“All politics is local.”
— Thomas “Tip” O’Neill,
longtime Speaker of the House
The political pros know that voters are more passionate about local issues than about national politics, even in time of war.
How the local electorate feels about their representatives’ local job performance can affect the outcome of national politics. No wonder there’s so much furor over the firing of seven U.S. attorneys: Their job security was tied to how well they prosecuted local Democrats. Former U.S. Attorney Bud Cummins lost his job because he corralled but one lowly Pine Bluff alderman, not enough to change the outcome of congressional and gubernatorial races here.
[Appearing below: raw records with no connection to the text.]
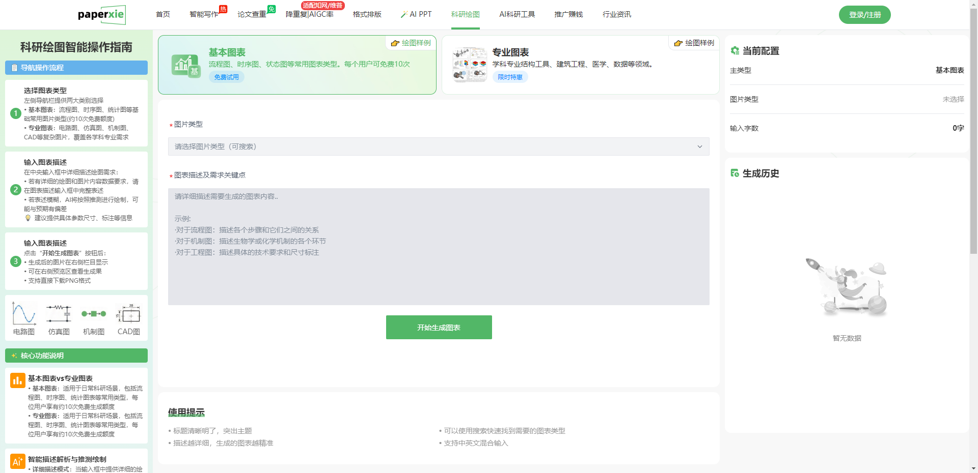 对于日常的基础绘图需求,Paperxie 提供了10 次免费生成额度。这意味着,你可以在不花一分钱的情况下,完成大部分的科研可视化工作。对于更复杂的专业图表,平台也提供了极具性价比的付费方案。
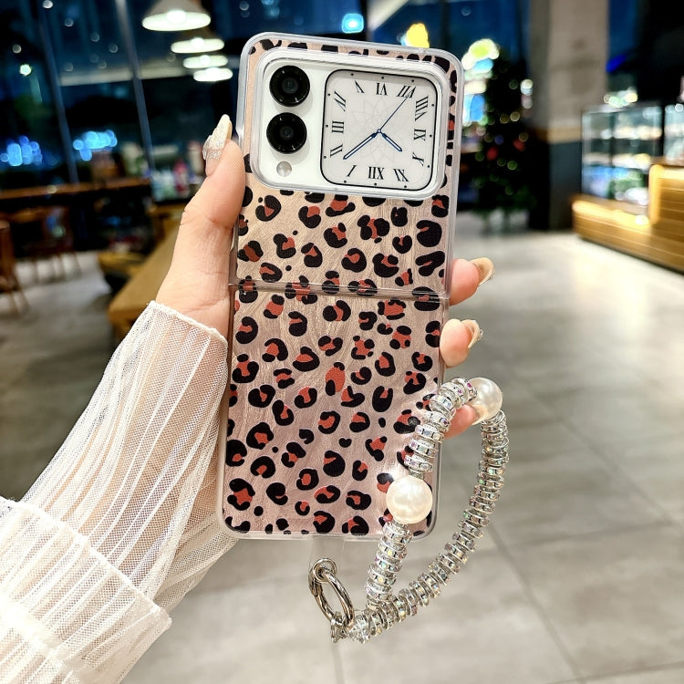 Funda para Teléfono Huawei Pocket 2 con Diseño de Leopardo y Plumas y Pulsera Integrada (Marrón)
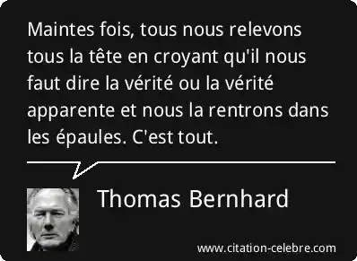 Maintes fois, tous nous relevons tous la tête en croyant qu'il nous faut dire la vérité ou la vérité apparente et nous la rentrons dans les épaules. C'est tout.
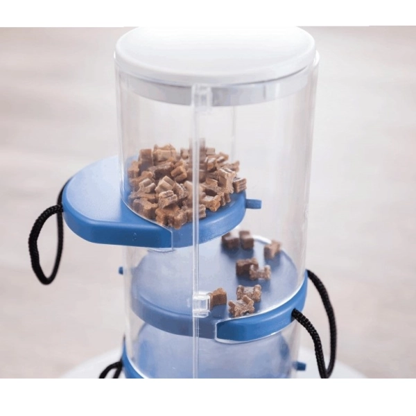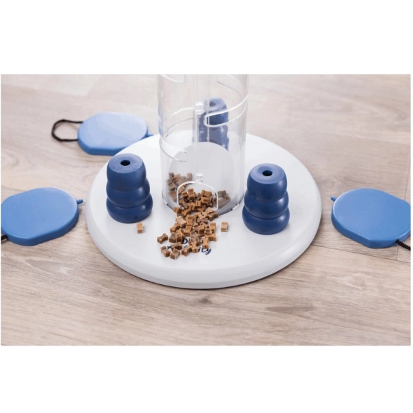 Inteligentná hra pre psov. V plastovej veži sú integrované tri poschodia na ktoré sa dajú maškrty. Pes musí poschodia vytiahnuť a maškrty mu potom prepadnú dole, kde si ich zje.
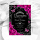 Invitación Quinceanera negra de plata rosa de Fuchsia
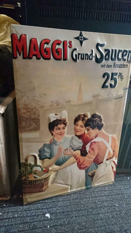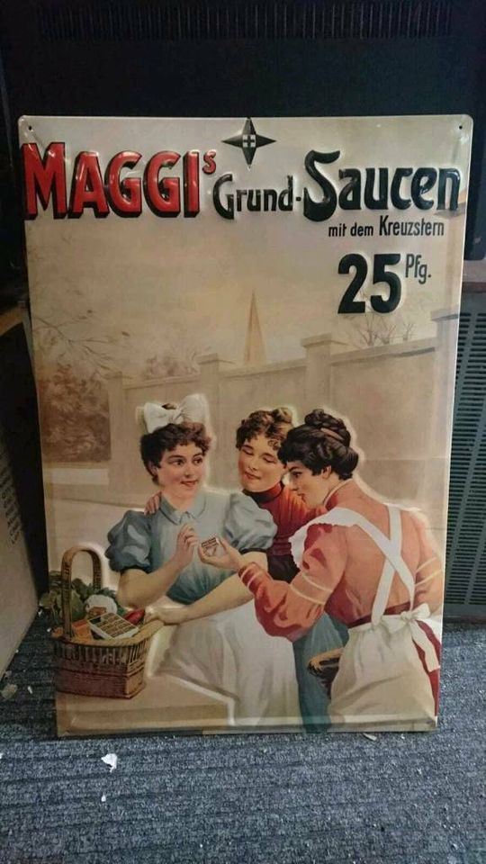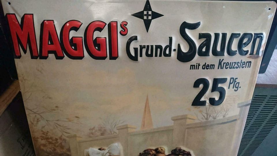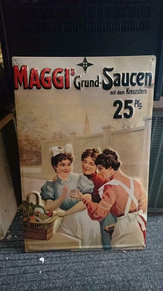 Ein schönes und tolles Blechschild von MAGGIE'S Grund-Saucen mit dem Kreuzstern. Maße: 40 x 60 cm.

Of course all politics is local: Last month, the Sherwood City Council rebelled when Mayor Danny Stedman made a decision the aldermen decided was theirs to make.
What did Stedman do wrong? Did he accept payments from contractors who were doing business with the city?
Did he pave private roads to supporters’ homes?
Did he hide weapons of mass destruction in the basement of city hall for possible use against his political opponents?
No, it was much more serious than that: Stedman tried to hire his own public works director. The council forced him to withdraw his choice.
Not only is his public works director gone, but so is the mayor. Stedman became ill, complaining of chest pains, and he called it quits.
He served but three months, although everyone had expected he’d be around for at least three terms.
Crusty former Mayor Bill Harmon is filling in until elections are called in June.
Local politics can be brutal. It’s like hand-to-hand combat, winner take all. Rep. Will Bond, D-Jacksonville, unsuccessfully challenged Rep. Benny Petrus, D-Stuttgart, for House Speaker, and guess who’s bringing home the bacon now.
Petrus, who may be a keen student of Tip O’Neill, knows how to reward his supporters and shut out his challengers.
So don’t expect any General Improvement Funds for Jackson-ville anytime soon, even if Mike Wilson doesn’t go to court to stop them, although he probably will.
Sure, people care about local issues more than, say, a balanced federal budget.
When they see crumbling schools and inadequate roads and they drive by a garbage dump higher than the tallest building in their community, they know local politicians should do more, a lot more, although we’ve noticed Eddie Joe Williams, Cabot’s energetic new mayor, has embarked on a manic road-building program.
Our youngest daughter, visiting home from out of state, noticed the stinking garbage dump along Hwy. 67/167 and the North Belt Loop south of Jacksonville on the way home from the airport. She said it reminded her of poverty-stricken India.
Amazingly, this is what the people see when they enter Jacksonville—and it’s a couple of hundred yards from a youth baseball field.
The dump keeps growing, like a Tower of Babel. The burning flames lighting up the sky remind me of an oil field in the Middle East.
Didn’t city planners have the foresight to keep this dump well away from Jacksonville? Waste Management, the dump’s operator, gives Jacksonville students a couple of college scholarships a year, but I’d give them back and tell them to take their dump someplace else.
When people start asking how this dump was allowed in here in the first place and allowed to expand in all directions, it will become a major political and health issue.
City planners in the biggest communities make bad decisions and in smaller cities they’re capable of doing even worse. Look at the controversial Graham Road closing for a poorly planned railroad overpass at Main Street, forcing motorists to detour for six blocks if they want to get to North First Street.
People have abandoned that area, hurting businesses and leaving North First Street, which was widened several years ago, virtually untraveled, wasting millions of dollars for taxpayers.
So we’re back to Tip O’Neill’s dictum. Local politicians ignore it at their own risk.